Last month I compared a few archive tools and showed some of the ways they can be used. This time we can review these tools as alternative to traditional Unix commands in production use. I will use the ZIP/UNZIP tools in the examples below. Most of the methods described here will work with most of the archive tools described previously - ZIP/UNZIP, LHarc, PKZIP - and others that were not mentioned, including Gnu ZIP (gzip), ZOO, Arc, Sit, and others. I prefer ZIP to other archive tools because it has the greatest amount of support on all platforms (particularly MS-DOS) and some unique features all its own.

Copies of these and other tools are available from PC Bulletin Boards, on-line services (CompuServe, America Online, etc.), or the Internet.

Unix archiving tools

Archive tools can help you organize files, retain prior versions for future reference, and reduce the amount of disk space used by these files. The traditional Unix method for creating such archives is by using a combination of the tar and compress commands. tar ("tape archiver") combines one or more files into a single output, while compress reduces the size of a file. Since files created with tar are not compressed, the archive file is the same size as all of the files within it combined, so compress is needed to reduce the file size. In comparison, ZIP and similar tools provide archiving and, optionally, file compression within a single utility.

Archive tools like ZIP also much easier to use. Suppose you wish to create a compressed archive file and remove the original copies of the files afterwards. Using traditional Unix methods, you might enter the following commands:


tar cvf myarch *         # create myarch.tar
compress myarch.tar      # compress myarch.tar to myarch.tar.Z
rm *                     # remove the original files

To create the same archive file using ZIP, you would merely enter zip -m myarch * (translated, "move all files into myarch.zip"). The resulting ZIP file would be smaller by about 20% and it would take less time to create the archive.

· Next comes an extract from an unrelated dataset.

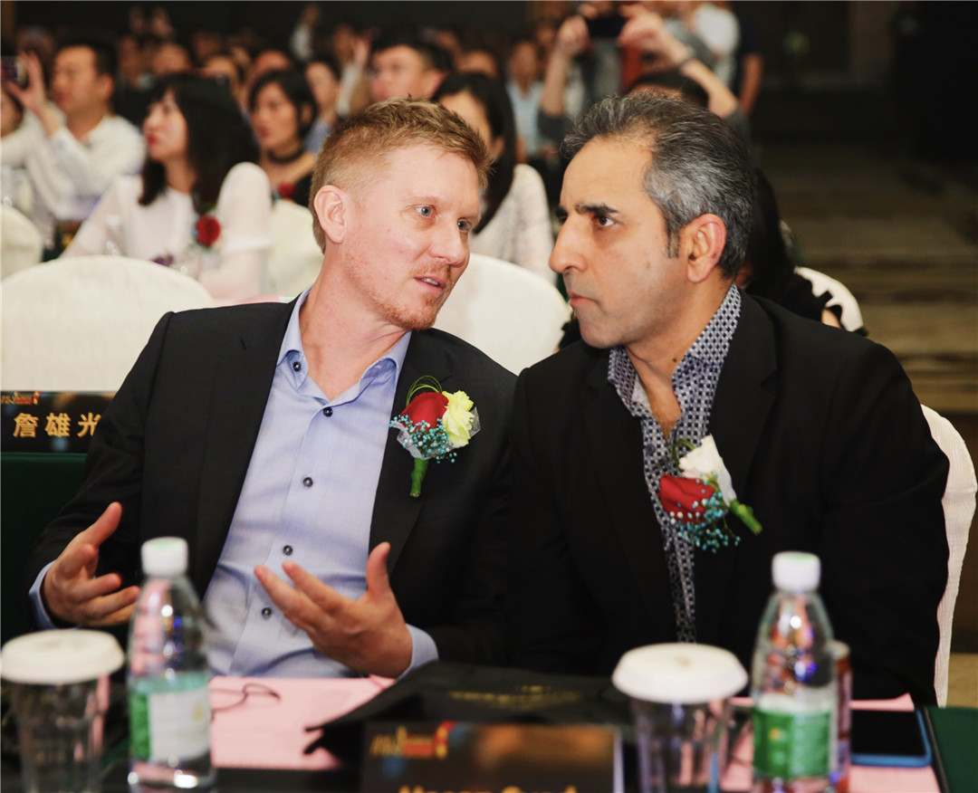 △中央美術(shù)學院建筑設(shè)計研究院院長、博士生導師王鐵,美國Gensler上海公司總監(jiān)Hasan Syed為廣州設(shè)計師黃永才頒發(fā)“最佳娛樂空間設(shè)計獎”

The file naming requirements of the tar and compress tools are inflexible: file names must end with .Z (upper-case Z) to be recognized by compress, and the .tar extension should be added for tar. The result is often a file name that does not fit into the file name requirements of other systems and may even exceed the 14- character limit of some Unix file systems. For example, the archive file long.program.tar.Z would be truncated on our Unix system to long.program.ta - indistinguishable from its uncompressed form long.program.tar and resulting in a duplicate file name error whenever the compress utility is used to extract it. In comparison, ZIP prefers to have a .zip extension, but any file name is acceptable; long.program.zi would work fine.

Finally, it is difficult to assess the contents of files archived using traditional Unix tools: the tared files must be uncompressed before a listing of the archive's contents can be viewed, resulting in a temporary loss of file space. ZIP files can be interrogated directly using the -l (listing) or -v (verbose listing) options of UNZIP, and these file names can in turn be passed to other programs or placed in files for other purposes. The syntax for this file listing is the same for any platform: enter unzip -l myarch.zip to view the contents of archives created in the Unix, MS-DOS, or any other environment.

Naturally, you will lose some portability to other versions of Unix if you use ZIP instead of tar and compress; that is the reason nearly all Unix files in public archives are maintained this way. ZIP files are mostly of interest if your destination is internal or one of several desktop systems, such as MS-DOS, Apple, or others.

Production uses for archive files

It is often useful to incorporate the creation of an archive file into a production process. In some cases, the archive file itself is the product; for example, the resulting files from a large extract may be bound for an MS-DOS system. Shell scripts provide a convenient way of creating such archive files.

In the script example shown in Figure 1, the first line moves the current working directory location to a common area. The next three lines are typical job-stream commands, each producing a single output file in the working directory. The ZIP program is invoked using the - m (move) option to create the archive file.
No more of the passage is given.